Analysis: Retrenchment under the Industrial Disputes Act is valid only if the statutory preconditions are fulfilled. One month's notice and retrenchment compensation were stated to have been paid, but the statutory notice to the appropriate Government or specified authority under Section 25F(c), read with Rule 76 of the Industrial Disputes (Central) Rules, 1957, was not shown to have been served. The requirement was treated as mandatory, not optional, and the failure to comply vitiated the retrenchment.
Conclusion: The retrenchment did not satisfy the mandatory conditions of Section 25F and was invalid.
Issue (iii): Whether termination of a recognized private school employee required prior approval of the Director under Section 8(2) of the Delhi School Education Act, 1973.
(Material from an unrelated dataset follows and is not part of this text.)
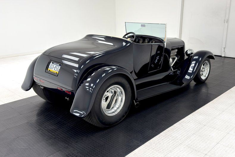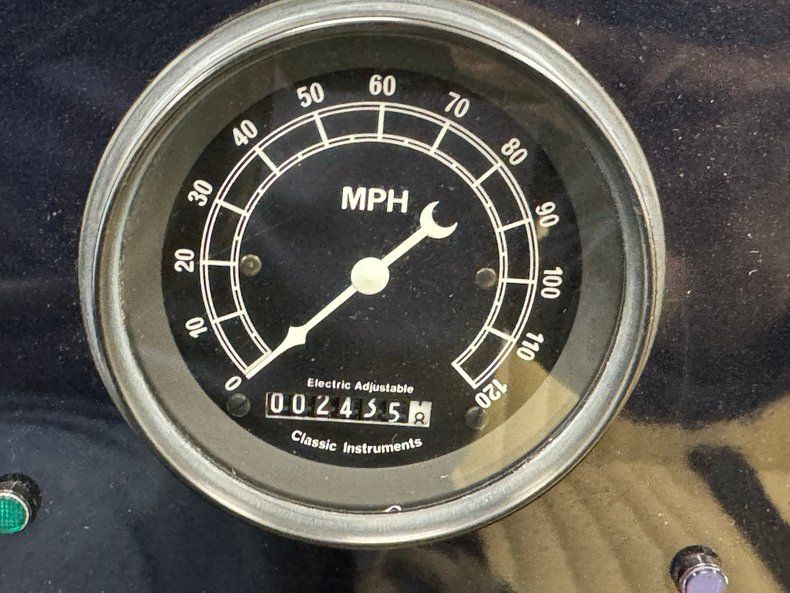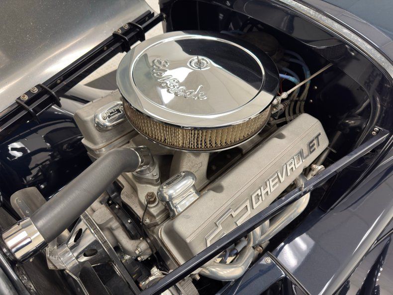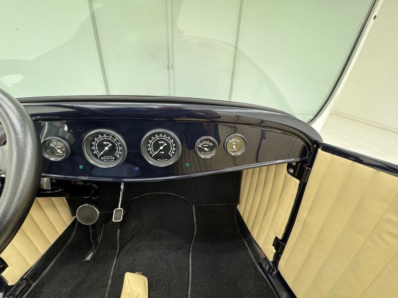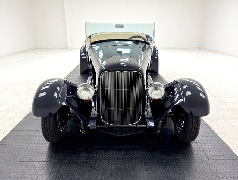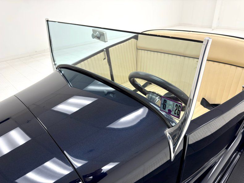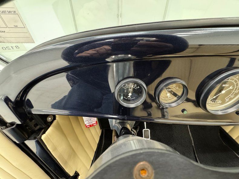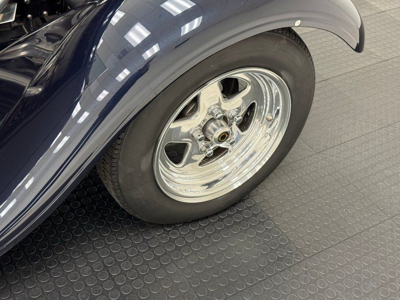Two stage Midnight Blue coats this roadster and we're talking deep paint here and in certain light, it can look black while other light brings out the navy blue and it's nicely applied. Once you've absorbed the beauty of the paint, the wheel set up is next to compete for your attention, stacking 15-inch Weld wheels with vastly different widths and tires sizes, creating that classic hot rod stance that's been a proven winner for about 80 years, here under fiberglass fenders connected by a steel running board. In back, the rectangular quartet of tail lights get your attention right before the massive meats grab your eyes as they peek from narrow fenders. Up front, the fiberglass '32 radiator shell looks perfectly at home next to the aluminum hood which connects seamlessly to the fiberglass body. A modest windscreen with nicely sculpted posts completes the exterior which shows no glaring imperfections.

Analysis: Section 8(2) was held to be a statutory safeguard protecting employees of recognized private schools from arbitrary termination. The State Legislature was competent to enact such a protection in relation to education. The later view striking down the provision could not govern a termination that occurred when the provision was still in force. Since prior approval had not been obtained, the termination offended the statute.
Conclusion: Prior approval was required and its absence rendered the termination illegal.
Final Conclusion: The dismissal of the writ petition and the tribunal's view were set aside, the retrenchment was held illegal, reinstatement was directed, and the employee was granted back wages with consequential benefits.
Ratio Decidendi: A school driver is a workman under the Industrial Disputes Act, and retrenchment of a recognized private school employee is invalid unless the mandatory retrenchment safeguards and the statutory prior-approval requirement then in force are complied with.